Saturday, April 9, 2016

An Outbreak Of Left-Handedness

My firm impression is that left-handedness has been in full retreat for all of my life. I attribute this to forced-right-handedness, which I am pretty sure is an actual thing and not a figment of my imagination. People just can no longer bear the thought of subjecting an apparently left-handed child to a lifetime of annoyance, and some physical pain, at the hands of machines, devices and contraptions that were designed for the comfort and convenience of right-handed people. To see what I mean, go and try to cut something holding the scissors in your left hand. Or imagine the difficulty of renting left-handed golf clubs.

I am not now, nor have I ever been, left-handed. But my father is left-handed, and a close cousin of mine is as well. So I have heard the complaining. Pay phones were a common object of hatred, as was the entire concept of handwriting.

I arrived in Thailand over ten years ago and I was surprised at the number of left-handed students. In classes of students numbering in the mid-forties, there’d usually be half a dozen or so. That seemed high to me. I taught a class of forty-five seventeen-year-olds that included thirteen left-handed students. I remember thinking, that’s great, they let the lefties be lefties over here. Must be a Buddhist thing. Things have changed over time.
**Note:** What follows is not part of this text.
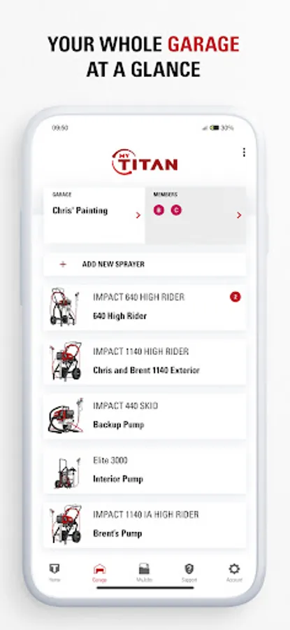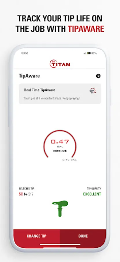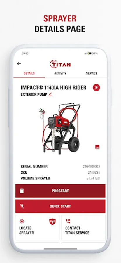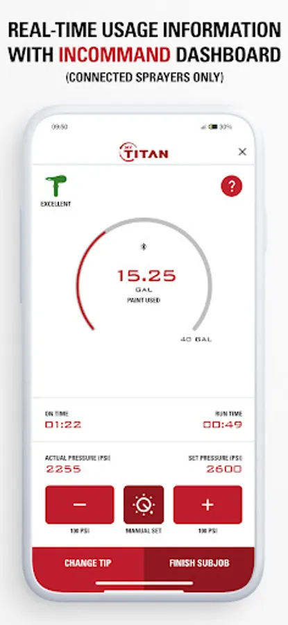 • Get real-time usage data from your connected Titan sprayer including: Material Usage, Operating Time, and Pressure Settings

I’ve been teaching at my big university for over eight years now. Several times every year I proctor tests, and I always scan my quadrant of the room for left-handers. Without having made a science of it, I’m prepared to say that the numbers have gone down over time. I’ve written about it hereon already. Sometimes, though, there’s a sudden outbreak, an unaccountable bulge in the left-handed population. I cannot even speculate as to the why or how, although I might, just a little.
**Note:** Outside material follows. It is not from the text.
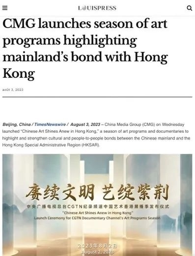 總臺(tái)CGTN在官網(wǎng)發(fā)布的《中國(guó)藝術(shù)香港展播季 讓觀眾零距離觸摸源遠(yuǎn)流長(zhǎng)的中華文明》稿件被來(lái)自美國(guó)、英國(guó)、法國(guó)、澳大利亞、韓國(guó)、加拿大、意大利等20個(gè)國(guó)家和地區(qū)的799家海外主流網(wǎng)絡(luò)媒體轉(zhuǎn)載。美國(guó)《國(guó)際日?qǐng)?bào)》《歐洲僑報(bào)》《葡新報(bào)》《非洲時(shí)報(bào)》《委國(guó)僑報(bào)》、新西蘭格局傳媒網(wǎng)站、歐僑網(wǎng)和日本華商網(wǎng)等海外華文媒體也以多種形式刊載轉(zhuǎn)發(fā)了相關(guān)報(bào)道。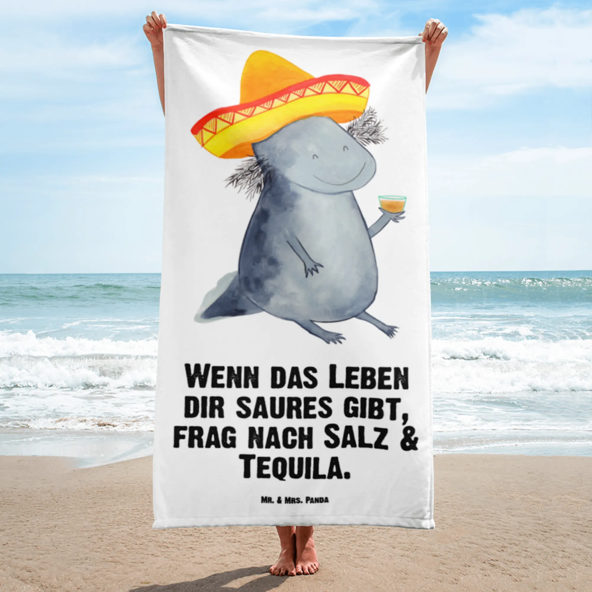 Das XL Badehandtuch mit dem bezaubernden Axolotl Tequila-Motiv von Mr. & Mrs. Panda ist das perfekte Geschenk für alle, die das Leben in vollen Zügen genießen möchten. Mit seinen lebendigen Farben und dem süßen Axolotl, der mit einem Sombrero und einem Tequila-Glas in der Hand fröhlich strahlt, bringt dieses Handtuch mexikanisches Flair direkt in dein Badezimmer oder an den Strand.

Sometimes it seems to be a particular subject that has drawn the attention of a lot of lefties. Perhaps the left-handed brain is also predisposed to the study of certain things. Mathematics? Chinese language? Further study would be required, and I am not so disposed.

My proctoring this time lasted nine days, and over that entire time every group of test takers included a greater number of left-handers that I’ve become accustomed to. Usually I need to walk the isle for a good stretch, searching through a few isles to the left and right, to come across the first lefty. Last week, anywhere I stood I could look around and find a few immediately. On a couple of occasions I could see two sitting in a row, one right behind another. One row of thirteen test takers included five lefties! Every one of the nine days was the same. It was an outbreak of left-handedness.


It has always been a blessing to me to be so interested in the world’s mundanities. Very good luck, that.